Нашатырный спирт и одеколон, принесенные англичанином, сделали свое дело, хотя Глафира Семеновна пришла в себя и успокоилась не вдруг. Придя в себя, она тотчас же набросилась на мужа, что он не разбудил ее перед таможней и не предупредил, что будет осмотр вещей, и награждала его эпитетами вроде «дурака», «олуха», «пьяницы».

– Душечка, перед посторонними-то! – кивнул Николай Иванович жене на англичанина.

– Эка важность! Все равно он по-русски ничего не понимает, – отвечала та.

– Но все же по тону может догадаться, что ругаешься.

– Ах, мне не до тону! Я чуть не умерла со страха. А все вследствие тебя, бесстыдника! Знать, что я так настроена, жду ужасов, и не предупредить! А тут вдруг врывается целая толпа зверских физиономий в фесках, с фонарями.

– И вовсе не толпа, а всего трое, и вовсе не ворвались, а вошли самым учтивым, тихим образом, – возражал Николай Иванович. – Уж такого-то деликатного таможенного чиновника, как этот турок, поискать да поискать. Он сам испугался, когда увидал, что перепугал тебя.

– Молчи, пожалуйста. Болван был, болваном и останешься.

– А что же, неделикатный, что ли? Даже осматривать ничего не стал, а сунул мне в руку ярлычки, чтобы я сам налепил на наши вещи. На` вот, налепи на свой баул и на корзинку.

– Можешь налепить себе на лоб, – оттолкнула Глафира Семеновна руку мужа с ярлыками. – Пусть все видят, что ты вещь, истукан, а не муж пассажирки.

А англичанин продолжал сидеть в их купе и держал в руках два флакона.

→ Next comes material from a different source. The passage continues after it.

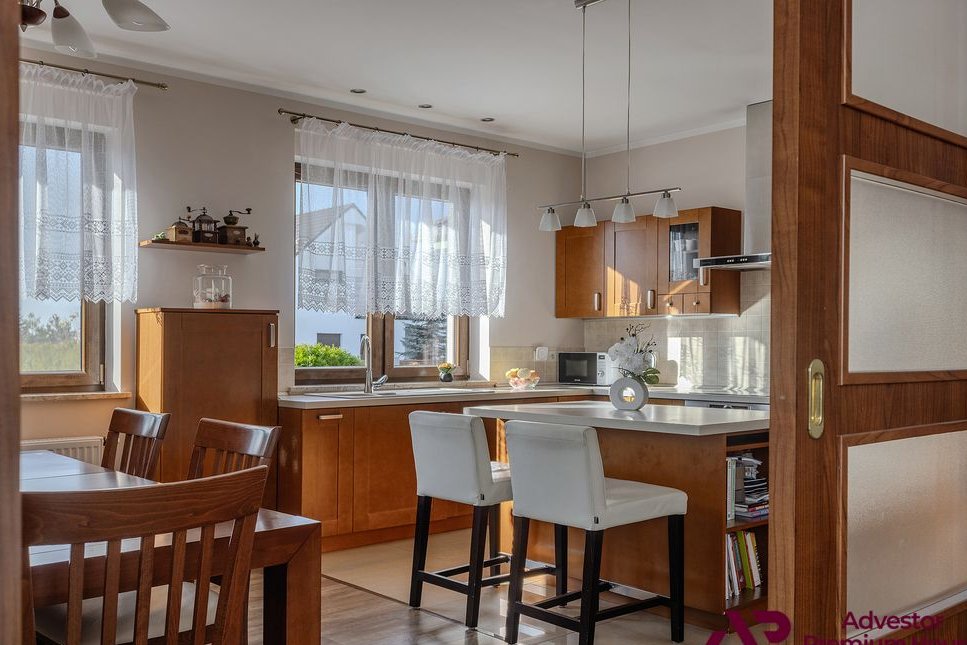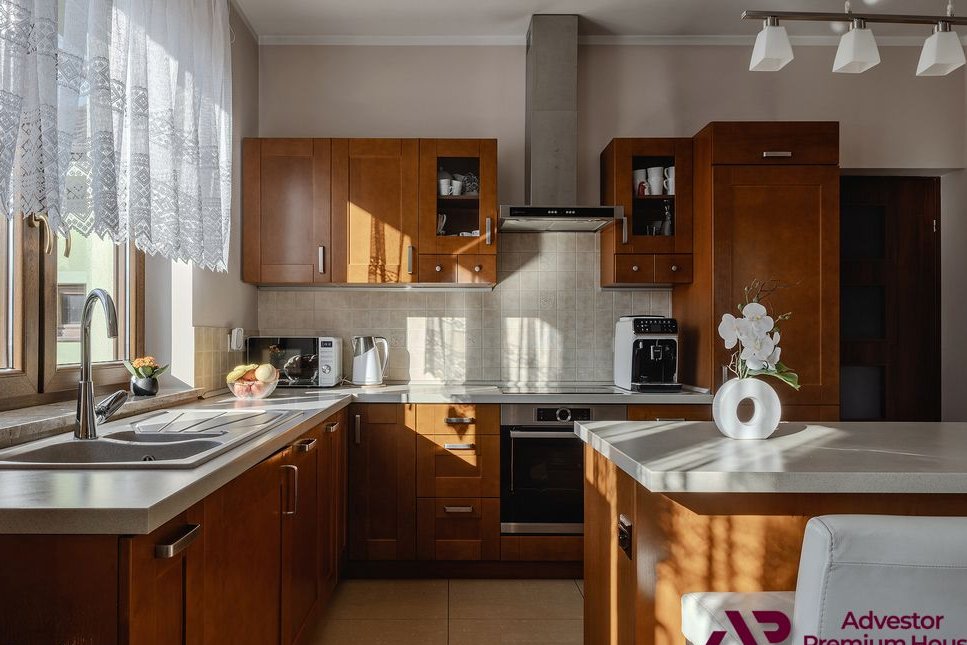 Kuchnia jest oddzielna, z oknem, w pełni wyposażona. Drewniane fronty nadają jej ciepły, domowy charakter.
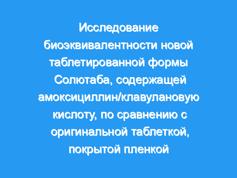 На основании статистических данных, что 3/48 пациентов с крайне низкими уровнями референтного препарата могут рассматриваться как «выбросы», и после исключения этих субъектов»данные статистического анализа, результаты для клавулановой кислоты были в пределах заданного диапазона биоэквивалентности от 0,75 до 1,33. В целом, таблетка амоксициллин/клавулановая кислота Солютаб обеспечивала, по сравнению с контрольной таблеткой, менее изменяющиеся уровни клавулановой кислоты, что обеспечивало более надлежащую защиту доступных амоксициллинов.

Глафира Семеновна спохватилась и принялась благодарить его.

– А вас, сэр, мерси, гран мерси пур вотр эмаблите…[91] – сказала она.

– О, мадам!..

Англичанин осклабился и, поклонившись, прижал руки с флаконами к сердцу.

Это был пожилой человек, очень тощий, очень длинный, с длинным лицом, почему-то смахивающим на лошадиное, с рыже-желтыми волосами на голове и с бакенбардами, как подобает традиционному англичанину, которых обыкновенно во французских и немецких веселых пьесах любят так изображать актеры.

Николай Иванович, насколько мог, стал объяснять, почему такой испуг приключился с женой.

– Ле бриган!.. Сюр сет шемян де фер ле бриган – и вот мадам и того… думала, что это не амплуае де дуан, а бриган[92], разбойники.

– O, yes, yes… C’est ça… – кивал англичанин.

– Глаша… Объясни ему получше… – обратился Николай Иванович к жене.

– Иси иль я боку де бриган… – В свою очередь заговорила Глафира Семеновна. – Он ну за ди, ке иси грабят[93]. Как «грабят»-то по-французски? – обратилась она к мужу, сбившись.

– А уж ты не знаешь, так почем же мне-то знать! – отвечал тот. – Ну да он поймет. Он уж и теперь понял. By саве[94], монсье, станция Черкеской?

– А! Tscherkesköi! Je sais…[95] – кивнул англичанин и заговорил по-английски.

– Видишь, понял, – сказал про него Николай Иванович.

– А мы без оружия. Ну сом сан арм…[96] – продолжала Глафира Семеновна.

– То есть арм-то у нас есть, но какой это арм! Револьвер в сундуке в багаже. Потом есть кинжал и финский ножик. Вуаля. Мы не знали, что тут разбойники. Ну не савон па, что тут бриган. Мы узнали только на железной дороге. А знали бы раньше, так купили бы… Хороший револьвер купили бы…

– Ты напрасно разглагольствуешь. Он все равно ничего не понимает, – заметила Глафира Семеновна.

– Про револьвер-то? О, револьвер на всех языках револьвер. By компрене, монсье, револьвер?

– Revolver? O, c’est ça![97] – воскликнул англичанин, поднялся, сходил к себе в купе и принес револьвер, сказав: – Voilà la chose…

– Нет-нет, монсье! Бога ради! Же ву при[98], оставьте! Лесе!.. – замахала руками Глафира Семеновна и прибавила: – Еще выстрелит. Не бери, Николай, в руки, не бери…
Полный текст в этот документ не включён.